I want to improve quality even when I don't have time ... It will meet such needs. That's right for image processing.

The scope of this article covers "mapping between images" (corresponding to Practical Computer Vision Chapter 3). If you are an advanced image processor, please point out any mistakes.

Processing required for mapping between images

When preparing a photo for entertainment, it is necessary to compose the photo.

If you simply combine the photos, the photo will look strange.

The processing required there is as follows.

・ Image deformation ・ Embed the image well in the image ·Alignment ・ Alignment for panorama

Image processing technology required for each process

The elements required for image conversion processing are roughly divided as follows.

Screen Shot 2016-02-04 at 18.14.31.png

EECS 442 – Computer vision Conversation hour

・ Image scaling -Image scaling (asymmetric) ·rotation ・ Please see the figure on the far right as it cannot be explained in words.

The image is converted by combining these processes.

Here are some formulas that are important here.


\begin{pmatrix}
x'  \\
y'  \\
w'
\end{pmatrix}

=

\begin{pmatrix}
h_{11} & h_{21} & h_{31}\\
h_{12} & h_{22} & h_{32}\\
h_{13} & h_{23} & h_{33}
\end{pmatrix}


\begin{pmatrix}
x  \\
y  \\
w
\end{pmatrix}
\begin{matrix}
\boldsymbol{x'} = \boldsymbol{H}\cdot{\boldsymbol{x}}
\end{matrix}

The above equation shows that when a point is given as a vector, it is mapped to another space by multiplying it by a matrix that transforms that point. It doesn't make sense in words, so I'll put a figure below.

Screen Shot 2016-02-04 at 18.45.46.png

Lecture 16: Planar Homographies

It shows how it looks on the Pinhole camera when looking into an object from the Pinhole camera, and it shows that it is converted by multiplying the matrix H when expressing it as a plane image from the Pinhole camera.

Matrix H covers the basic image conversion processing described at the beginning. By finding the exhaustive matrix H, you can represent what it looks like on a Pinhole camera when you look into an object from a Pinhole camera, or you can represent an image on a plane from a Pinhole camera.
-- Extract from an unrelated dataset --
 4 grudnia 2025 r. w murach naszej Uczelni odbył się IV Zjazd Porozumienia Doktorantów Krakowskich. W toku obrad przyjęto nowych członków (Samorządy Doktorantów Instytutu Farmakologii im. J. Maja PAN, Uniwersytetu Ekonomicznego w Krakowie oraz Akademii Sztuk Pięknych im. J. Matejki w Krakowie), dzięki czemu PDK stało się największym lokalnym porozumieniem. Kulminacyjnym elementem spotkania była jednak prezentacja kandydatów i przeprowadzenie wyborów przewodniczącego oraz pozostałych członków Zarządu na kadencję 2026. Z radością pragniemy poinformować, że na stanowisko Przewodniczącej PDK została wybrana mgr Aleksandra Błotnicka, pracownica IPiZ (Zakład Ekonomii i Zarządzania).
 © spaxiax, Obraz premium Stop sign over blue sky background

This matrix H is called the homography matrix.

I will summarize it here.

Image conversion processing is required to create a composite photo. The image conversion process can be performed by using a homography matrix. By using the homography matrix, it is possible to reproduce an image that is diagonally moved from a plane or an image that is diagonally moved from a plane.

Homography matrix

Here we describe how to find the homography matrix.
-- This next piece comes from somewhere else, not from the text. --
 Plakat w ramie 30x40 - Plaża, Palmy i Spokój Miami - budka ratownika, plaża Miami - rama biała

Uses the Direct Linear Transfer algorithm.

Now let's check the formula again.


\begin{pmatrix}
x'  \\
y'  \\
w'
\end{pmatrix}

=

\begin{pmatrix}
h_{11} & h_{21} & h_{31}\\
h_{12} & h_{22} & h_{32}\\
h_{13} & h_{23} & h_{33}
\end{pmatrix}


\begin{pmatrix}
x  \\
y  \\
w
\end{pmatrix}

Since this is an image, it represents two-dimensional coordinates, but it uses coordinates called a simultaneous coordinate system, and there are w values in addition to x and y values.

The value of w is usually normalized to 1, but the effect of having this value is that it can also represent translation.
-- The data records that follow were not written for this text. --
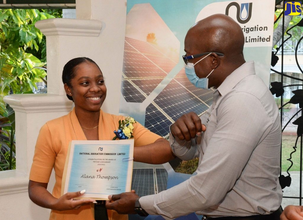 Minister of Agriculture and Fisheries, Hon. Pearnel Charles Jr. (right), presents Tiana Gordon with a tertiary scholarship from the National Irrigation Commission (NIC)for the period 2020/21. The presentation was made during a function held on March 24 at Hotel Four Seasons in St. Andrew. The NIC launched the scholarship awards in 1998 as part of its corporate social responsibility programme.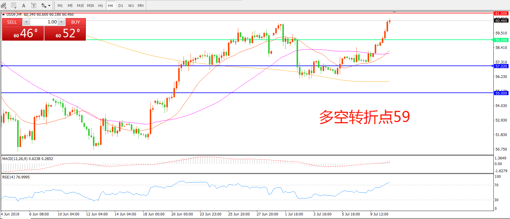 交易策略:在59.00之上看涨,目标61.00    64.00
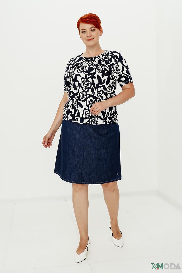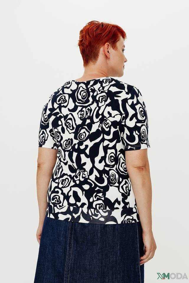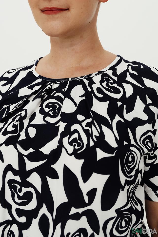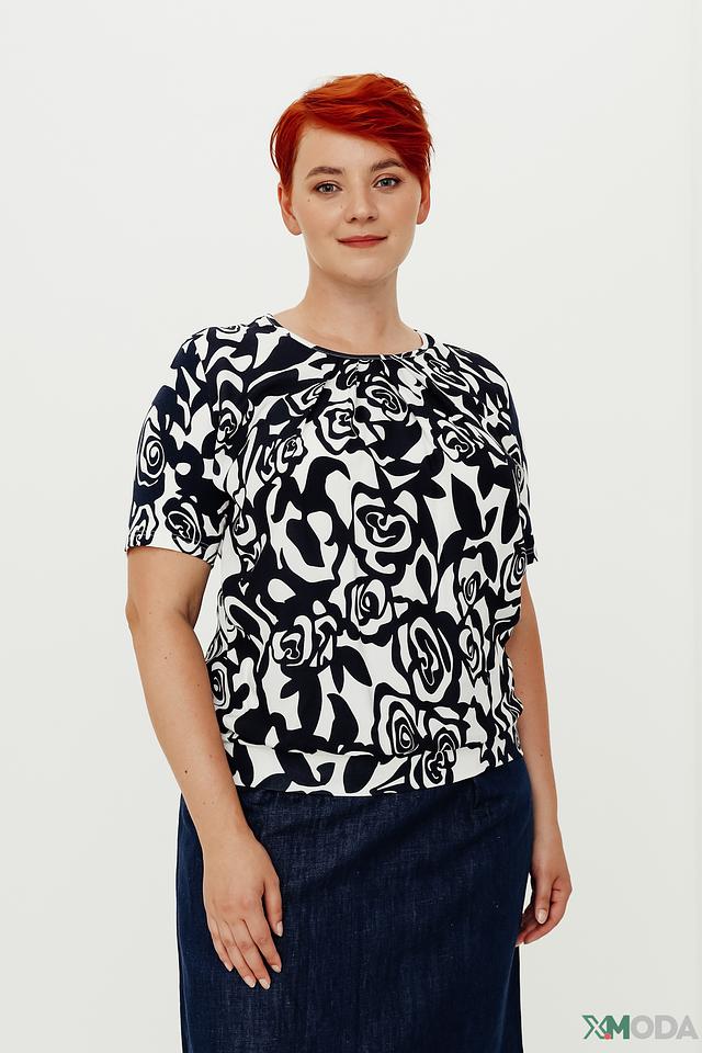Модель имеет свободный крой, который не сковывает движений и обеспечивает комфорт в течение всего дня. Короткие рукава и округлый вырез горловины делают блузу универсальной и подходящей для различных случаев.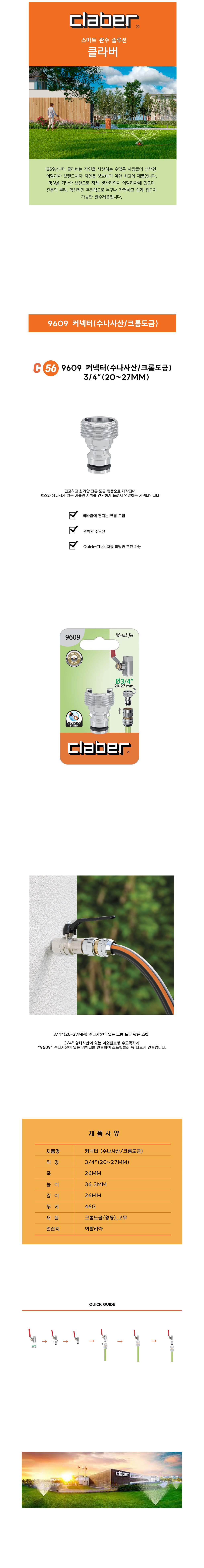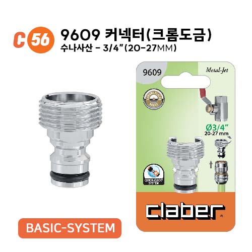 C56. 9609 커넥터(수나사산,크롬도금) 3/4"(20-27mm)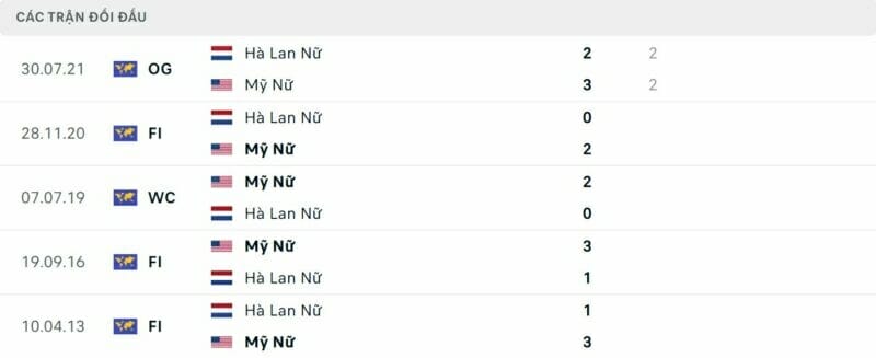 Thành tích đối đầu nữ Mỹ vs nữ Hà Lan: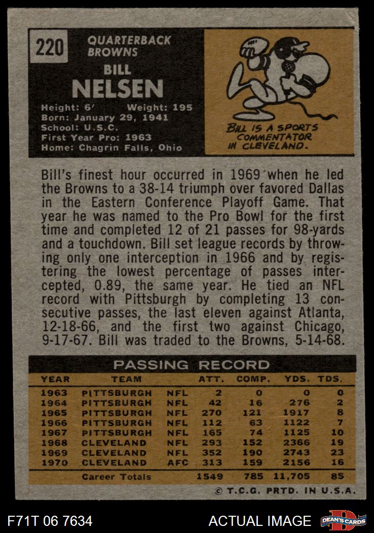 1971 Topps #220 Bill Nelsen Front Thumbnail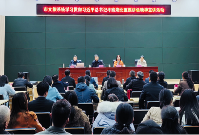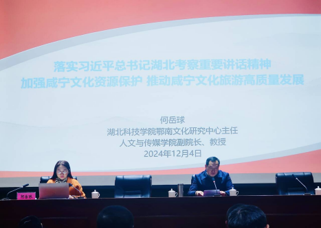 2024年12月4日,为深入学习贯彻习近平总书记考察湖北重要讲话精神,贯彻落实党的二十届三中全会精神,根据省委工作要求和市委安排,市委宣传部组建文化资源保护和文化创新发展小分队到市文旅系统开展学习贯彻习近平总书记考察湖北重要讲话精神宣讲活动。鄂南文化研究中心主任、tyc7111cc太阳成集团副院长何岳球教授作为宣讲人之一,为全市文旅系统的干部做“落实习近平总书记湖北考察重要讲话精神,加强咸宁文化资源保护,推动咸宁文化旅游高质量发展”的主题宣讲。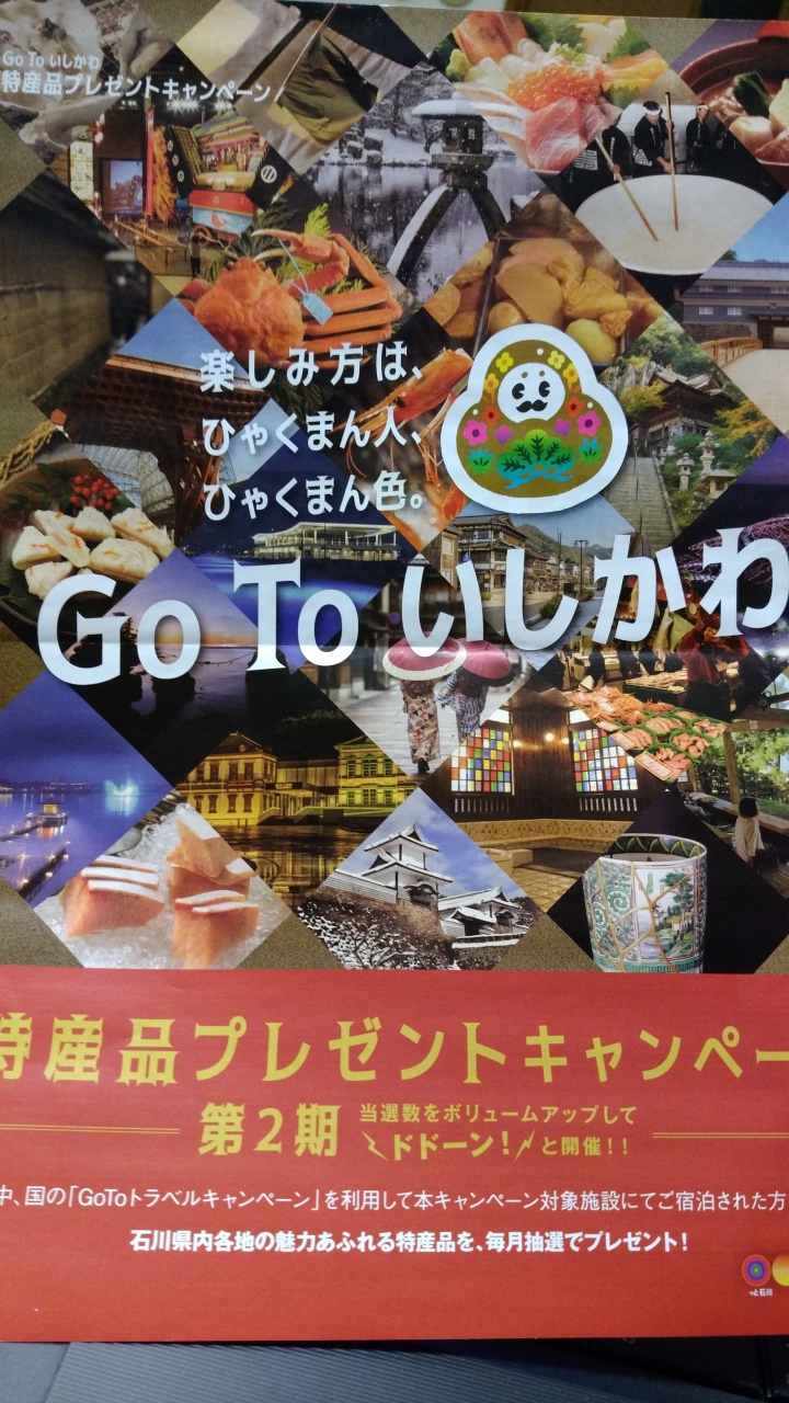 山中、山代、粟津、片山津の4つの温泉を総称して「加賀温泉郷」と言うらしく、各温泉の案内やホテル、旅館のパンフレットが沢山ありました。 「Go To いしかわ」というキャンペーンの事を聞いたら、詳しく教えて下さいました。

In image conversion, not only the above four but also parallel movements in which the positions change can be expressed. This is an important point.

See below for an easy-to-understand illustration.

http://d.hatena.ne.jp/Zellij/20120523/p1

Next, let's check the normalized pattern. What we want to find from this formula is a homography matrix that turns a flat image into a diagonal image and a diagonal image into a flat image.


\begin{pmatrix}
x'  \\
y'  \\
1'
\end{pmatrix}

=

\begin{pmatrix}
h_{11} & h_{21} & h_{31}\\
h_{12} & h_{22} & h_{32}\\
h_{13} & h_{23} & h_{33}
\end{pmatrix}


\begin{pmatrix}
x  \\
y  \\
1
\end{pmatrix}

When the relationship between the points of the original image and the mapped image is expressed by a mathematical formula

  x' = \frac{h_{11}x + h_{21}y + h_{31}}{h_{13}x + h_{23}y + h_{33}}\\

  y' = \frac{h_{12}x + h_{22}y + h_{32}}{h_{13}x + h_{23}y + h_{33}}

To find the matrix H, we need to find a 9-dimensional value, but here we add a constraint. Constraint the value of h33 to 1. Why is it okay to put restrictions here?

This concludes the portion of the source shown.